━━━━━ Data to examine ━━━━━
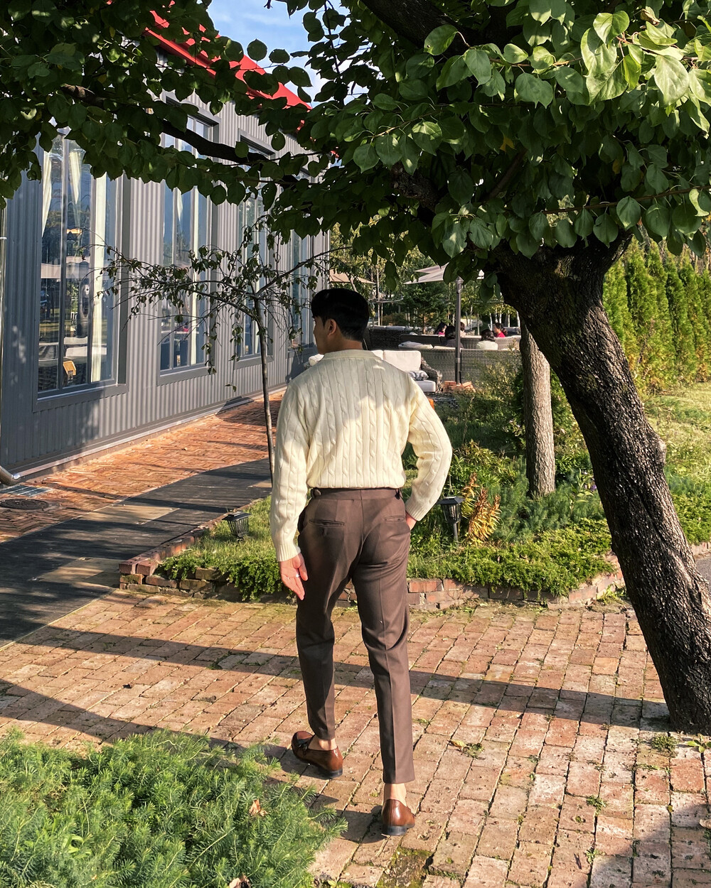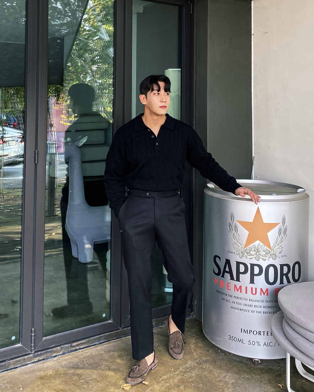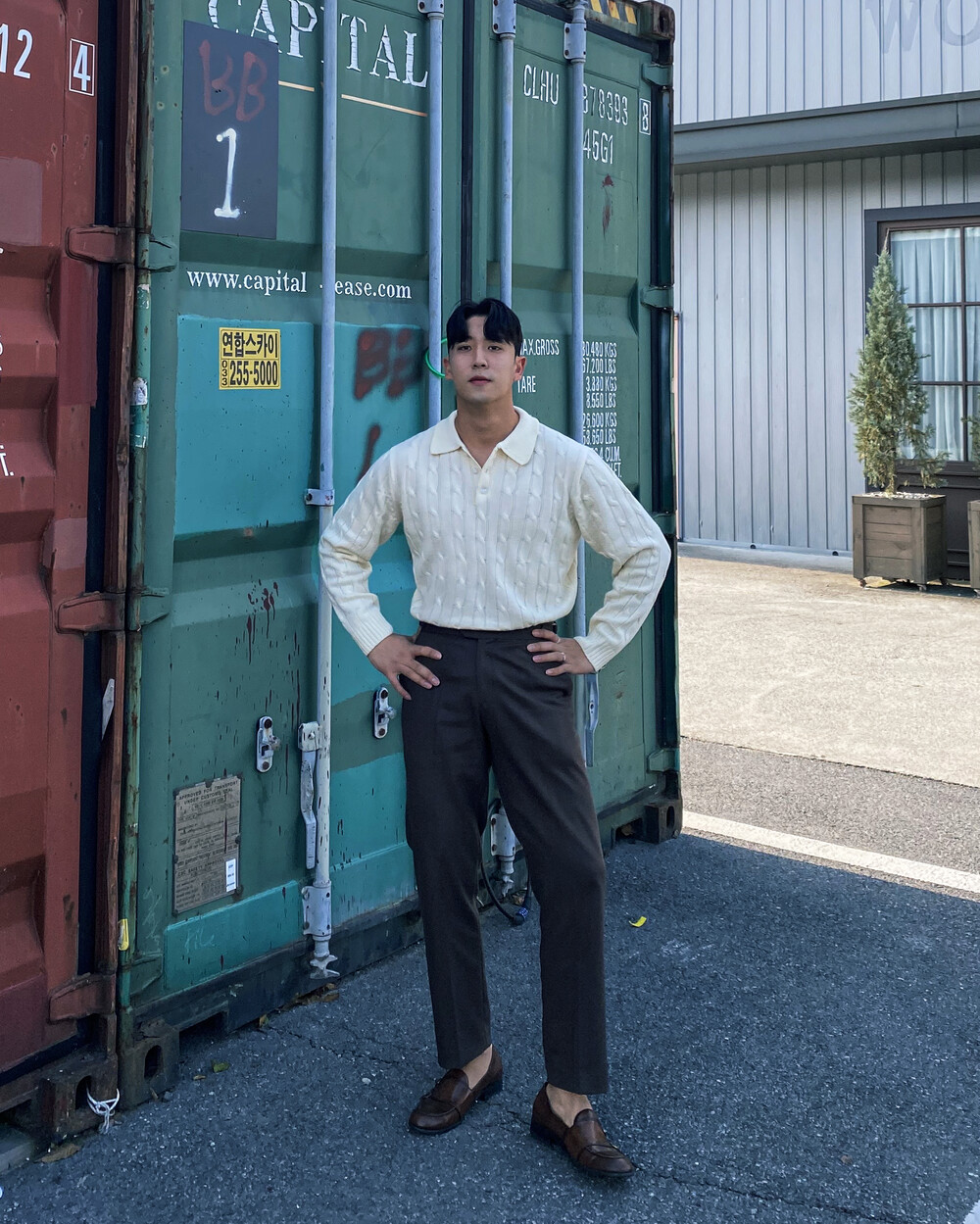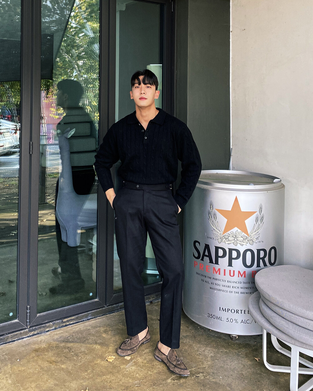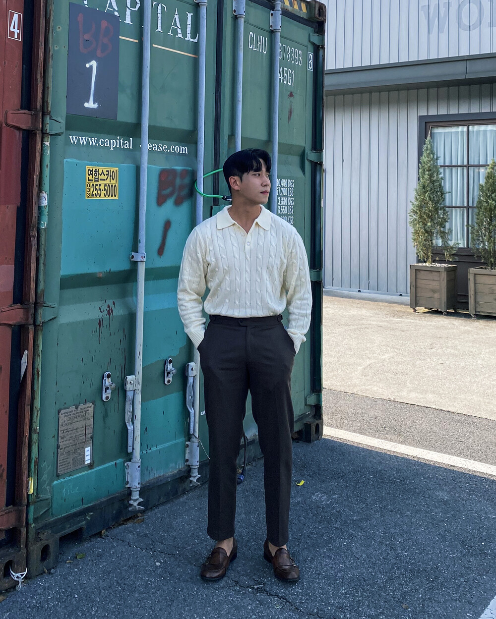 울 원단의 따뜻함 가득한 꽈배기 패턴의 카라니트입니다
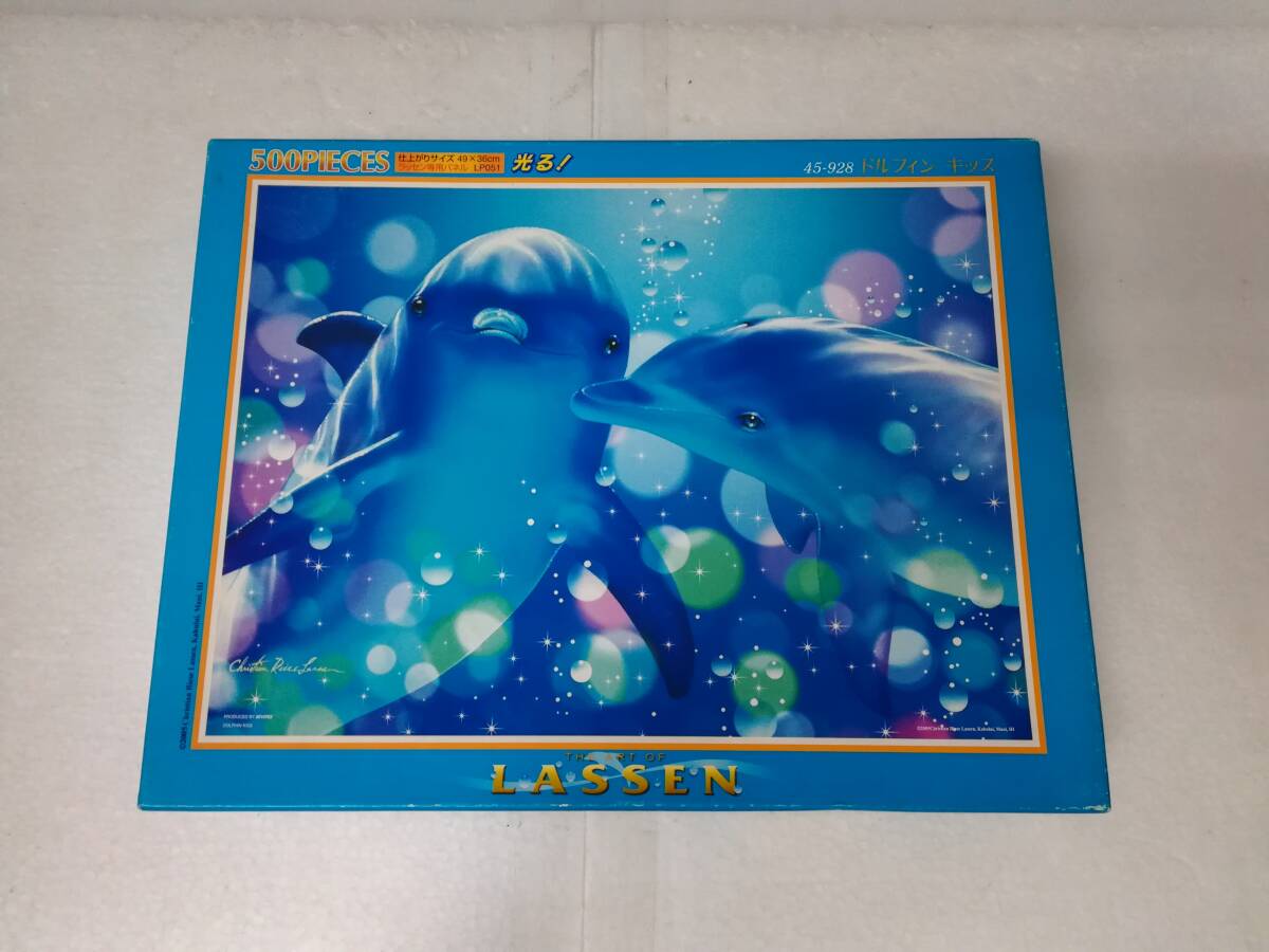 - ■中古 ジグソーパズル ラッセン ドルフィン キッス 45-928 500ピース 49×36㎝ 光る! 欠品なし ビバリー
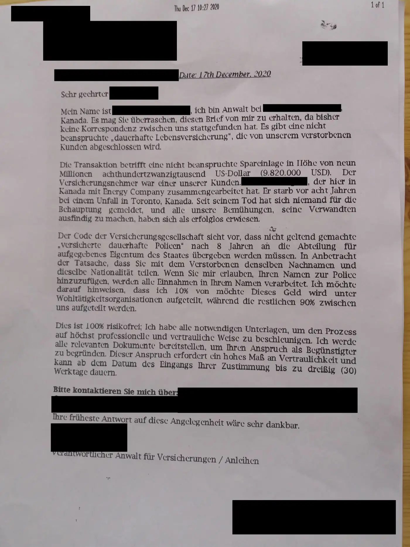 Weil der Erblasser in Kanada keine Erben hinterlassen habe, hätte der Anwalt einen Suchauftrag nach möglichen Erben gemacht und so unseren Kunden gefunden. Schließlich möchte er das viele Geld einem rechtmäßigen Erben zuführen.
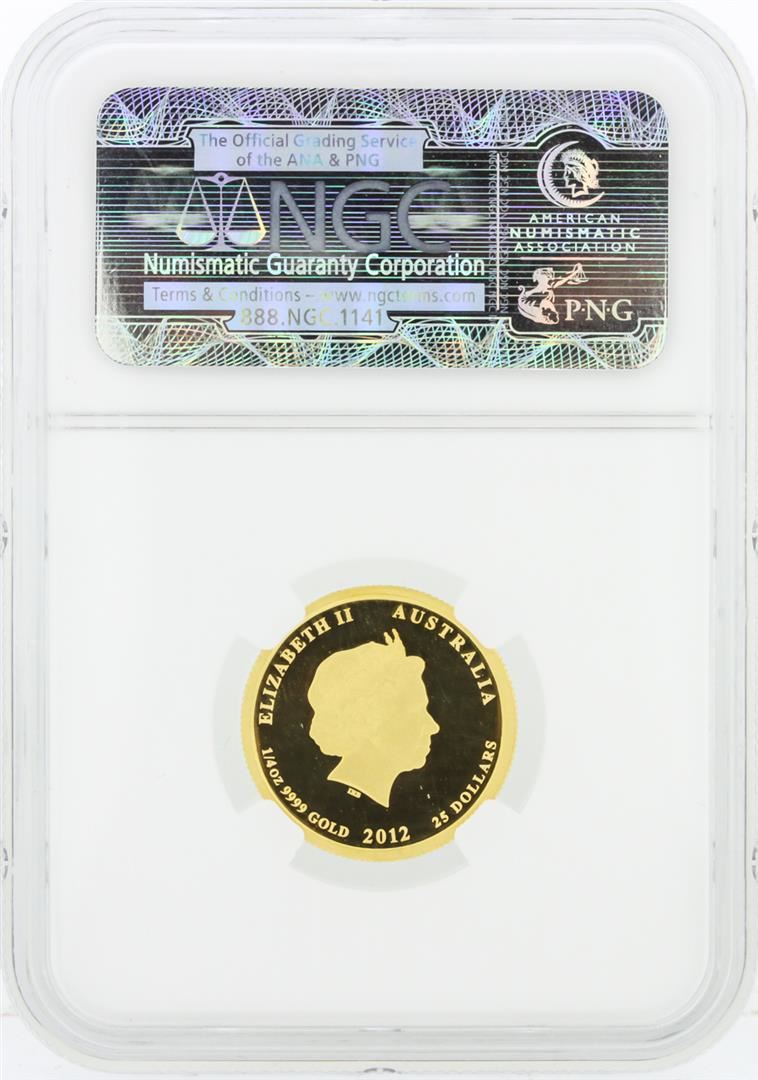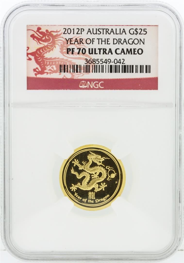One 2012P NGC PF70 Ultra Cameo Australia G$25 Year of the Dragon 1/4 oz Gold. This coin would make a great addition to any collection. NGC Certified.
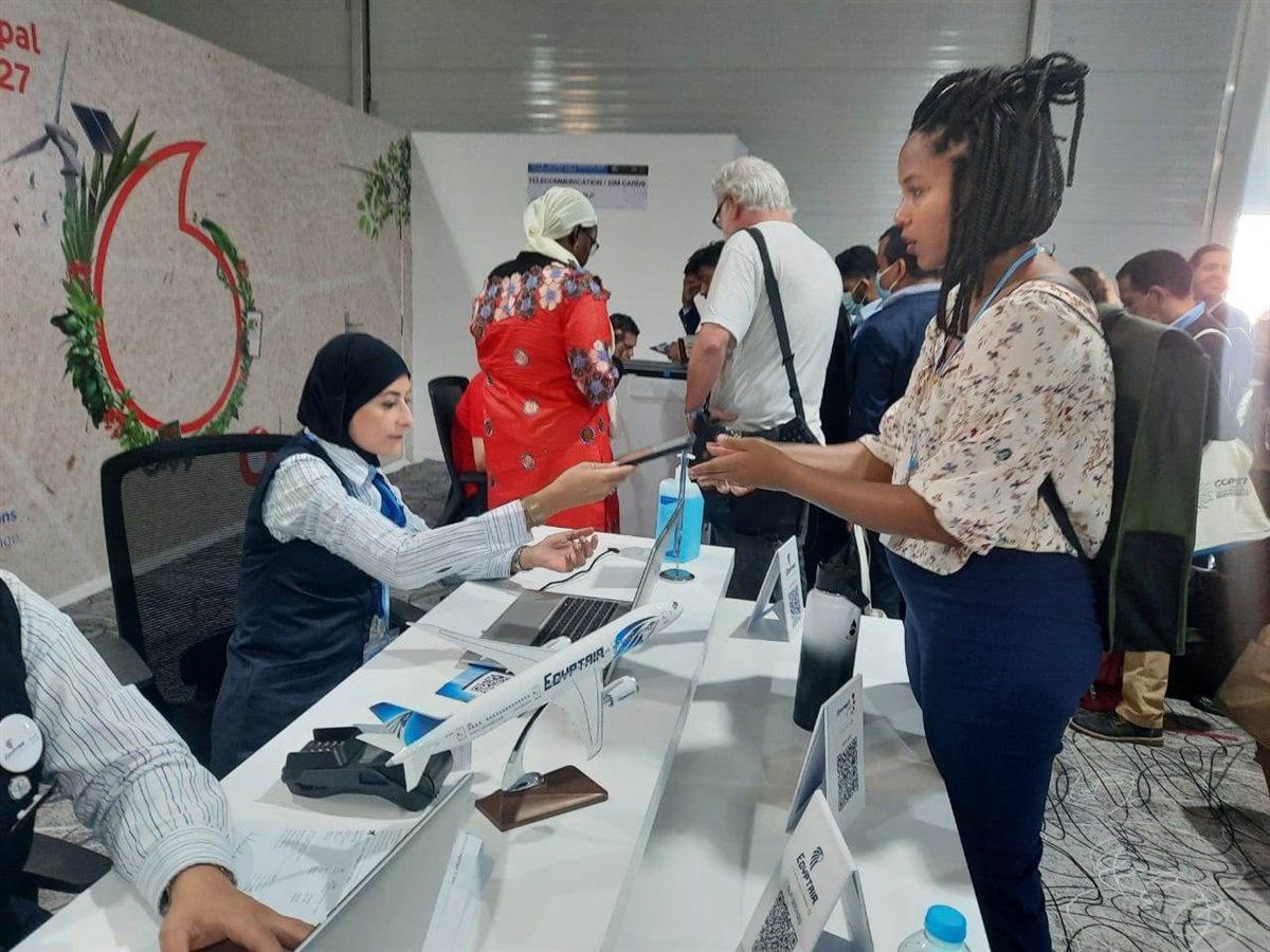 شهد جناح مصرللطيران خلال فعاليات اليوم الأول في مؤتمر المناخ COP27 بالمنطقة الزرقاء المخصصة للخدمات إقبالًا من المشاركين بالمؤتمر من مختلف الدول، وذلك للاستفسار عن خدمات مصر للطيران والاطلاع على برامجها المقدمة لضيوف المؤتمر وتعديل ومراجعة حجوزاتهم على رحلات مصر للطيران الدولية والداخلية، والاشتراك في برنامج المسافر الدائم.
━━━━━
◆ **Exercise goal**
Return nothing except the lines from the line with "- ■中古 ジグソーパズル" through the last line of the records above, copied exactly and without pictures.

◆ **Task result**
 - ■中古 ジグソーパズル ラッセン ドルフィン キッス 45-928 500ピース 49×36㎝ 光る! 欠品なし ビバリー
 Weil der Erblasser in Kanada keine Erben hinterlassen habe, hätte der Anwalt einen Suchauftrag nach möglichen Erben gemacht und so unseren Kunden gefunden. Schließlich möchte er das viele Geld einem rechtmäßigen Erben zuführen.
One 2012P NGC PF70 Ultra Cameo Australia G$25 Year of the Dragon 1/4 oz Gold. This coin would make a great addition to any collection. NGC Certified.
 شهد جناح مصرللطيران خلال فعاليات اليوم الأول في مؤتمر المناخ COP27 بالمنطقة الزرقاء المخصصة للخدمات إقبالًا من المشاركين بالمؤتمر من مختلف الدول، وذلك للاستفسار عن خدمات مصر للطيران والاطلاع على برامجها المقدمة لضيوف المؤتمر وتعديل ومراجعة حجوزاتهم على رحلات مصر للطيران الدولية والداخلية، والاشتراك في برنامج المسافر الدائم.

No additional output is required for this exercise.